The third email was a form letter from the TSA contact center apologizing for the treatment I received and offering advice about how to more efficiently and immediately submit a complaint in the future. It is very telling to me that they a) need a form letter to apologize, and b) have a more efficient way of receiving complaints that they felt I would need to know about. It implies to me that this happens all the time and I should expect it again. That said, I’m pleasantly surprised they did in fact apologize, citing the same passages in their policy that I identified as justification for my position. I would post the content of the letter here, but I read a clause at the bottom that I don’t want to be on the wrong side of. The clause says:

“NOTICE: The information contained in this message and any attachments is privileged and confidential and therefore protected from disclosure. If the reader of this message is not the intended recipient, or an employee or agent who is responsible for delivering this message to the intended recipient, you are hereby notified that any dissemination, distribution or copying of this communication is strictly prohibited. Senture does not accept liability for changes to this message after it was sent. The views expressed in this e-mail do not necessarily reflect the views of the company. If you have received this communication in error, please notify the sender immediately by replying via e-mail to this message and deleting this information from your computer.”

I’m relatively certain they would want me to post something they did right, but I don’t want to take the risk that because I’ve been identified as a dissenter that they might make an example of me.

The fourth letter was from the customer service manager at DIA, and his was personal and sincere. Since there was no warning on his letter, I will post the contents with the name of the offending officer redacted:

I regret this incident and I thank you for bringing it to my attention. It has been, and remains your option to not use the Advanced Imaging Technology (AIT) scanners, regardless of which technology is in use, and there is no reason necessary. Officer ——‘s comments were uncalled for and I will make sure his manager understands that they were also unwanted, rude, and incorrect in this case. Please understand that we take a report like this seriously and this individual will be dealt with appropriately.
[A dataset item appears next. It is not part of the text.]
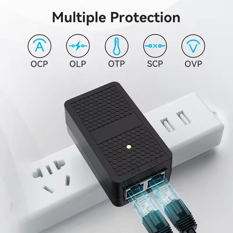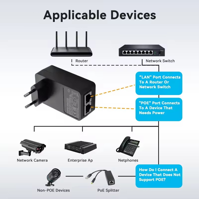 1.Remotely power PoE Device Thru CAT.5,6,7 Cable up to 328.1 feet(100 meters)

Please feel free to contact me by email or phone at any time.

His email included his contact information. I plan to craft a well-written reply, telling this man about my work in patient advocacy and thanking him for taking me seriously. I don’t want the agent’s job (he could have something going on in his personal life for all I know, and I don’t want to treat him as badly and ignorantly as he treated me), but I do want to suggest that TSA officers be instructed that they aren’t qualified to make health care decisions for passengers.

After all of this drama, two of my friends suggested that I need to do more with this. One told me I needed to blog about it, and the other told me that I really needed to make a website with my patient advocacy information. They were both right. My biggest focus in patient advocacy at the moment is patient rights, and this definitely falls under that scope. There are a lot more rights that patients have when traveling that I didn’t know (like you can bring any size bottle of medication, prescription or not, and you don’t have to have it x-rayed, but you do have to submit it to a visual inspection), and I think it would be very good to put it out there in an easy to access form.

Honestly, I know nothing about designing a web site. I have plenty of content, but I’m not sure how to get it up and arranged. I guess this is something I need to learn. Anyone out there have any suggestions about where I start?